Military commanders stress the need to create "economic alternatives" for people in central Iraq's insurgent-infested Sunni Triangle, as well as other parts of the country, in order to undermine the rebellion. Analysts add that insurgencies can only be beaten by creating stable political processes in which every ethnic group feels it has a stake.
Over the past three months, many Iraqis despaired as meaningful work on the country's myriad problems took a back seat to political aspirations of the newly elected leaders. Euphoria immediately after the election and hope that a new government could bring stability coincided with a marked, albeit temporary, drop in violence.
But a high threshold of compromise was needed to form the government. The goal of the US-drafted Transitional Administrative Law (TAL), the template for Iraq's transition to full sovereignty under a permanent constitution, was to force the inclusion of all the country's many ethnic and religious groups, Western diplomats say. But this also meant delays that have cost Iraq's new leaders credibility with Iraqis.
Despite the focus on compromise, Shiite and Kurdish leaders have failed to complete a critical task finding sufficiently meaningful ways to include Sunni Arabs, the main supporters of the insurgency, in the government. While many Sunnis were unwilling to participate in the US-backed government, Shiite leaders vocally opposed including any Sunnis with ties to the former regime.
The dynamic seen this week, with each political step forward invoking a dramatically violent response, will be repeated for years to come as the country wobbles toward standing on its own, says Colonel Hammes, the insurgency expert.
The widespread use of secondary attacks, used to deadly effect over the weekend, is also part of a progressing insurgency, he adds. "What you are seeing is the normal evolution," Hammes says. "I was kind of surprised it took them so long [to do] secondary attacks. It's a common technique."
In Ms. Yaphe's view, the new government must now earn credibility with the population.
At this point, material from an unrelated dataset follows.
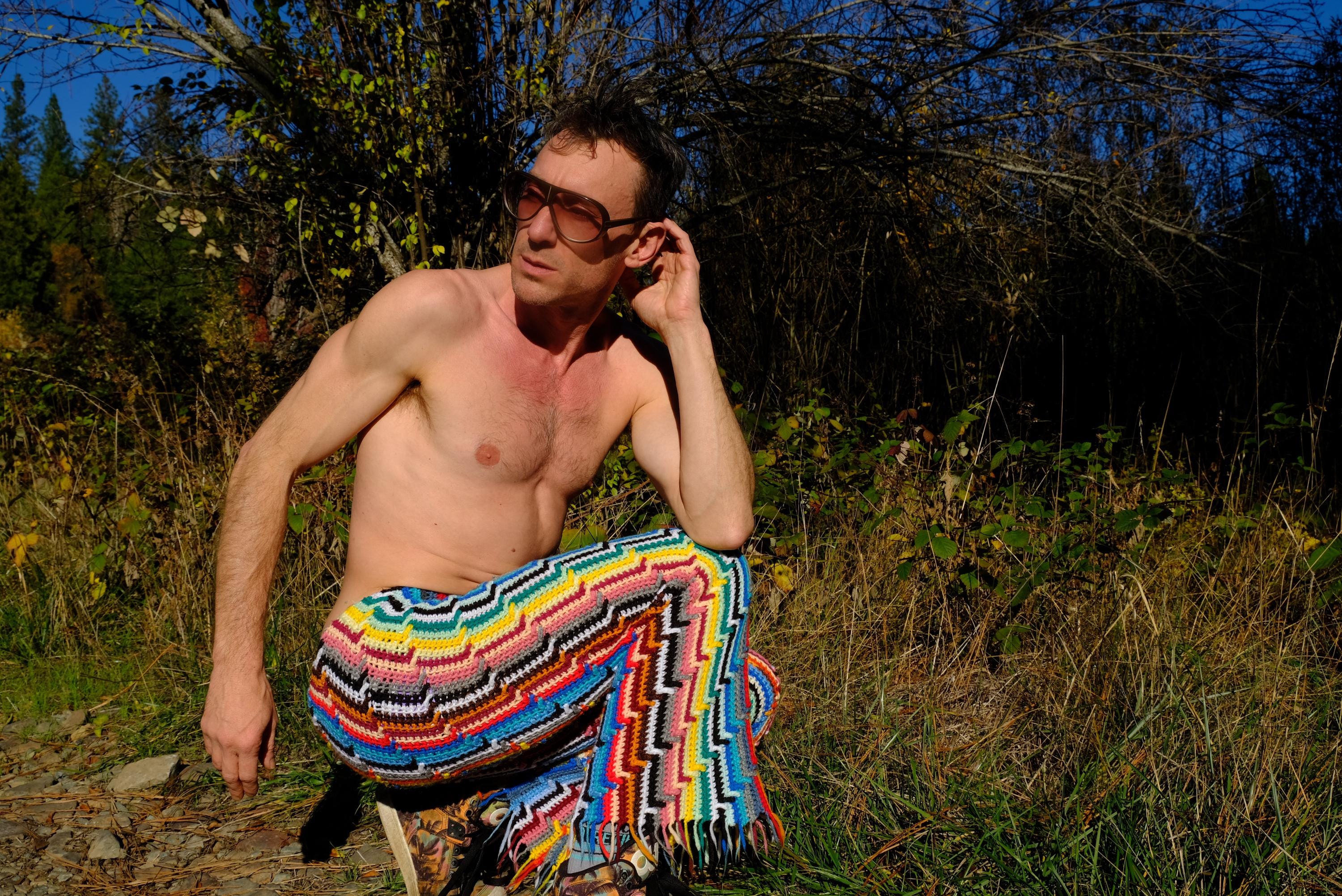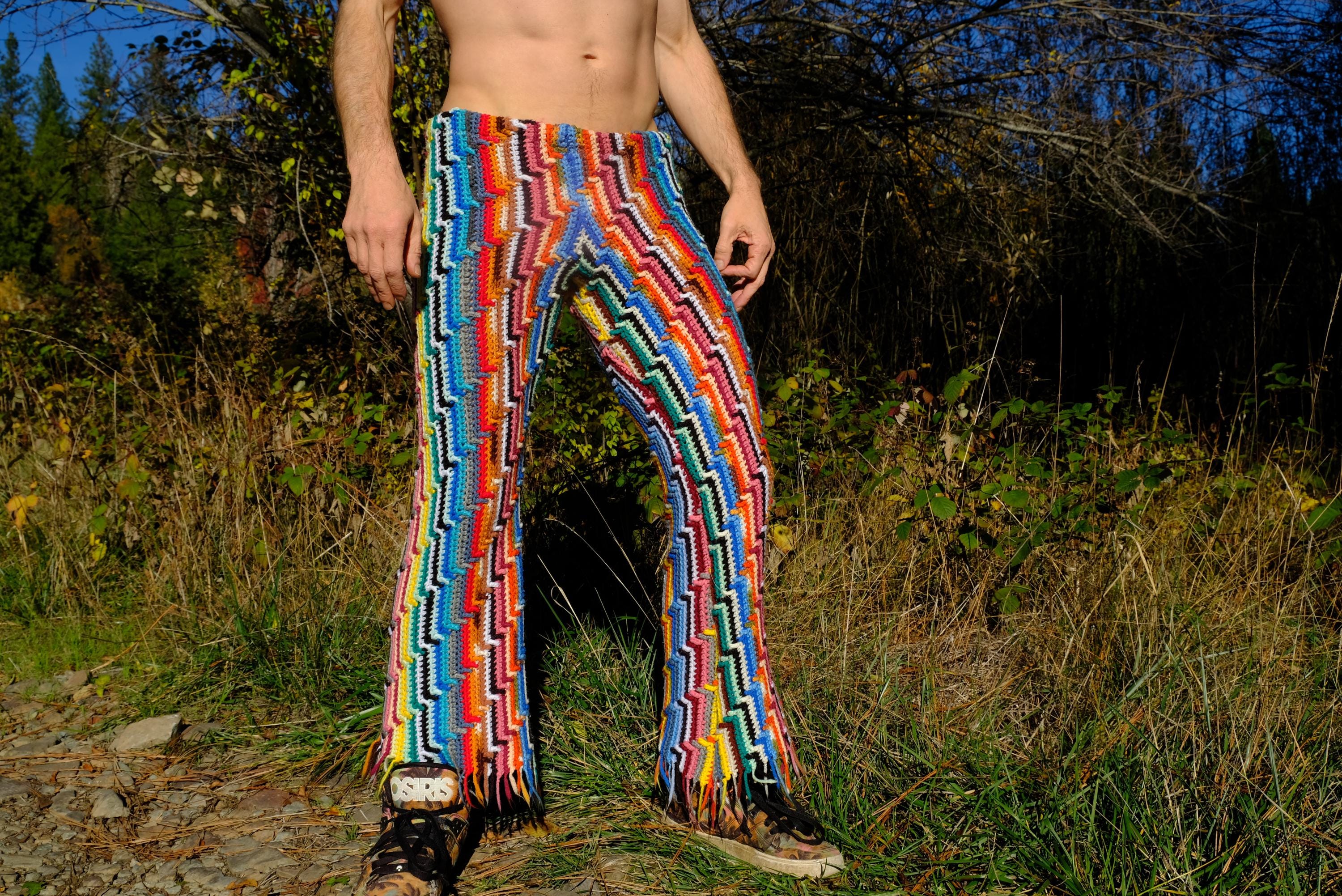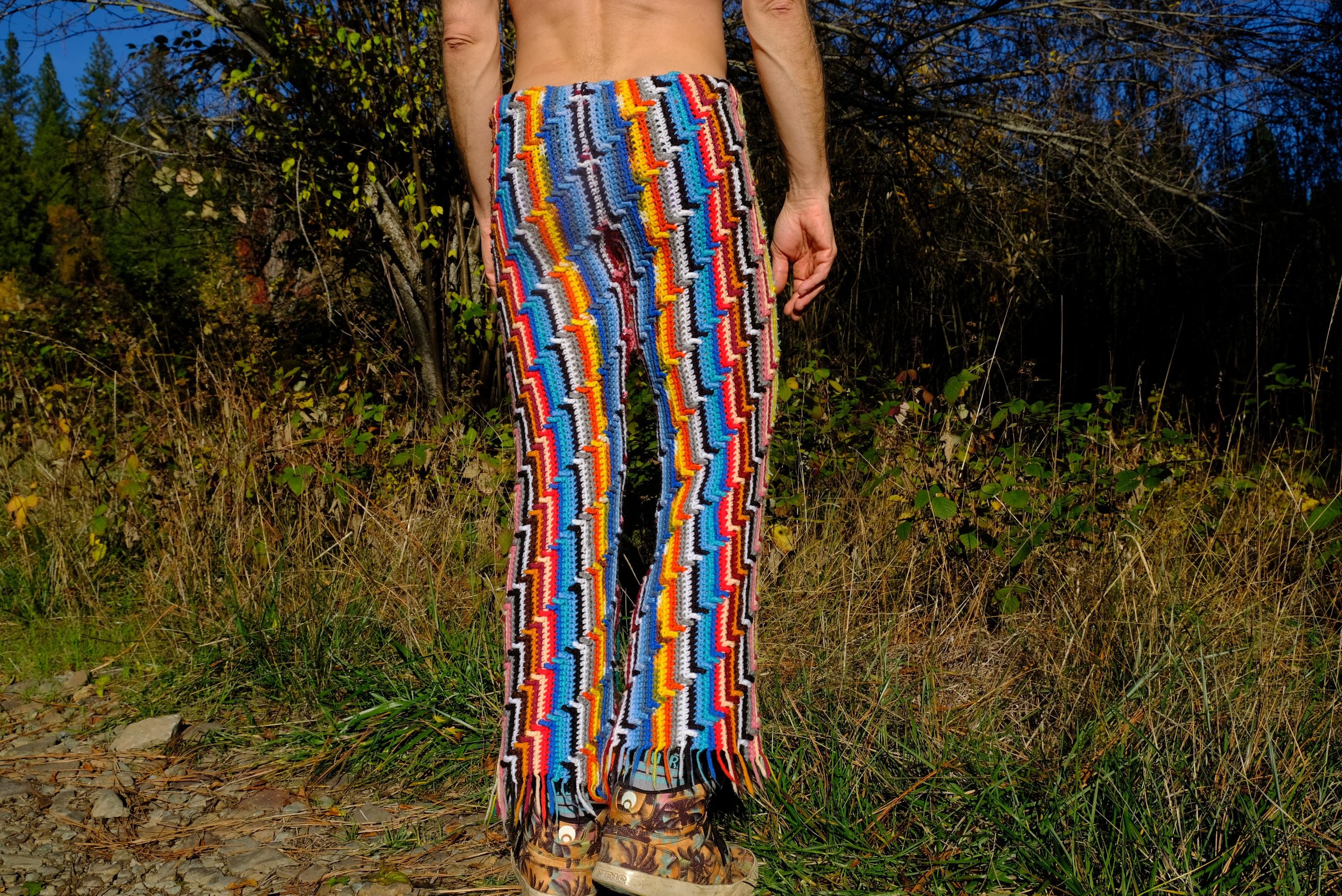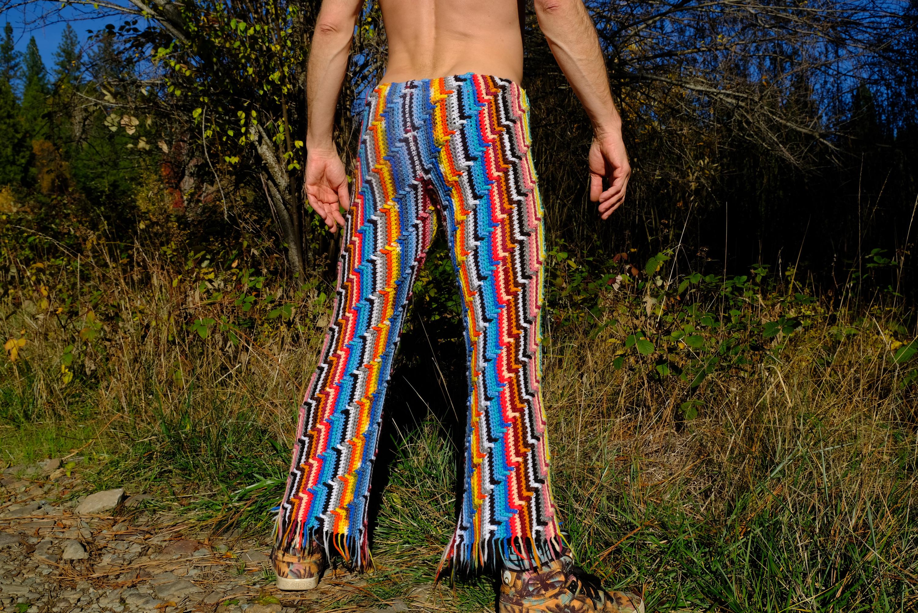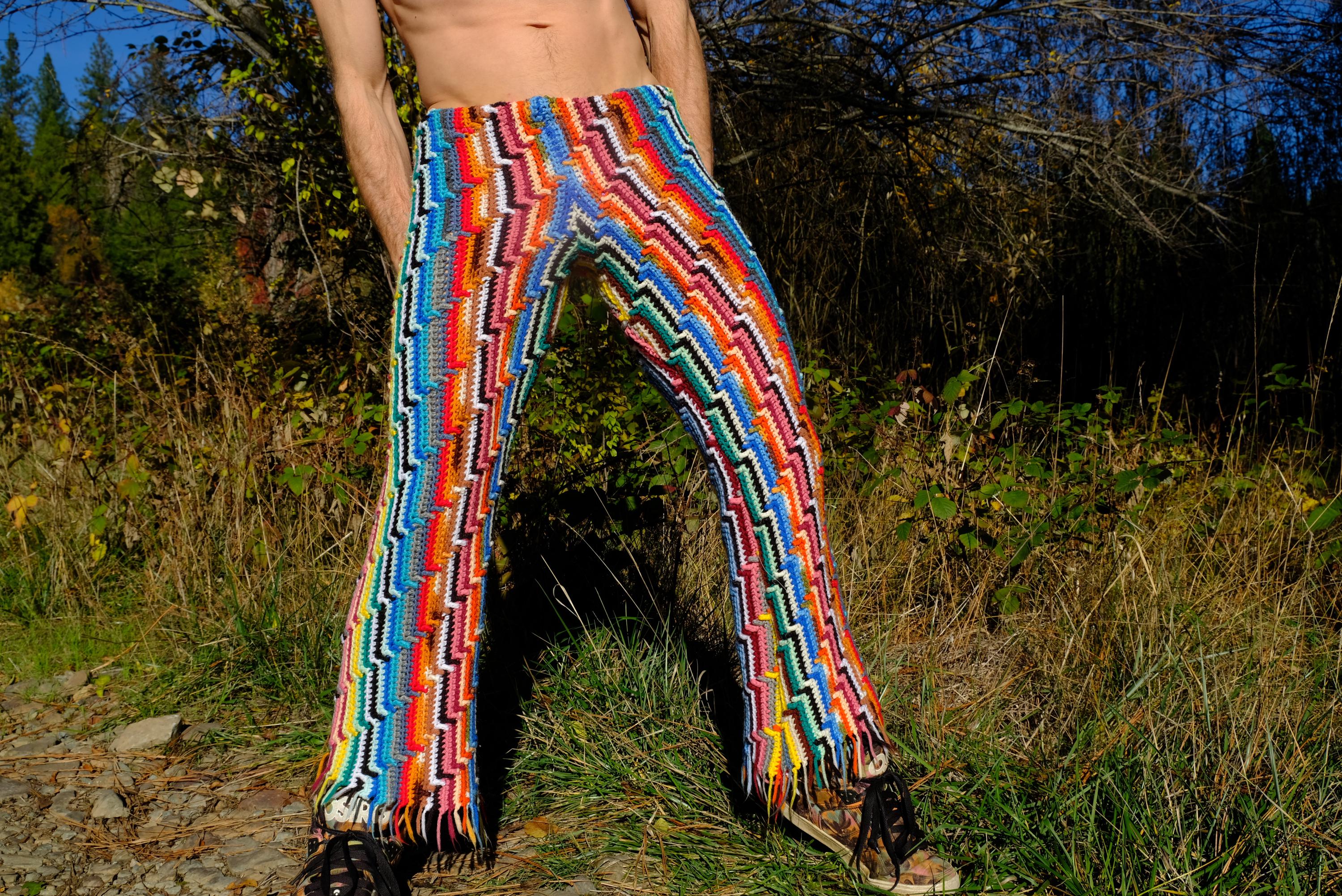 These are crochet pants with rainbow stripes. Fashioned from a vintage afghan blanket crocheted in 100% acrylic yarn.

This means stepping up the presence of government security forces on the streets, and in turn gaining the trust of average Iraqis who would be willing to report insurgent activities to the authorities, she says. "The government is going to have to get a lot of [security forces] on the streets. Iraqis are going to have to report more suspicious activity."
While the announcement of a new government starts the process toward a permanent sovereign government, the lack of a permanent defense minister could hinder efforts to raise and train Iraqi security forces, the key element to allowing US forces to leave Iraq.
With the Iraqi Army's best battalions increasingly conducting patrols and raids on their own, American military commanders have said that US counterinsurgency operations could be scaled back by half over the course of this year. Actually reducing the number of US troops based in the country, however, would likely come at a later stage.
"You'll see us come down at least by half, not in terms of troop numbers, but tasks," says Maj. Gen. Joseph Taluto, commanding the US 42nd Infantry Division in north-central Iraq.
Likewise in Washington, defeating the insurgency over the long term is now talked about as an Iraqi responsibility. "We can't do this as well as a real native force," Yaphe says.